### How to complete this task:
Would you reproduce exactly the lines below from the one holding "子弹头笔尖设计,出墨稳定流畅" through the one holding "Για LG K51 Rhombus", inclusive, and no others?

### Material supplied:
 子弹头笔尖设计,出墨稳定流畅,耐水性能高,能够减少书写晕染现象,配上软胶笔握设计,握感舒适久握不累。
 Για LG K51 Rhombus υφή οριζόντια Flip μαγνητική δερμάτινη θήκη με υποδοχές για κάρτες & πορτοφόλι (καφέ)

--

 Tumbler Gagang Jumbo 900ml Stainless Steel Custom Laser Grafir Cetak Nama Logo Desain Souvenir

### Answer to this exercise:
 子弹头笔尖设计,出墨稳定流畅,耐水性能高,能够减少书写晕染现象,配上软胶笔握设计,握感舒适久握不累。
 Για LG K51 Rhombus υφή οριζόντια Flip μαγνητική δερμάτινη θήκη με υποδοχές για κάρτες & πορτοφόλι (καφέ)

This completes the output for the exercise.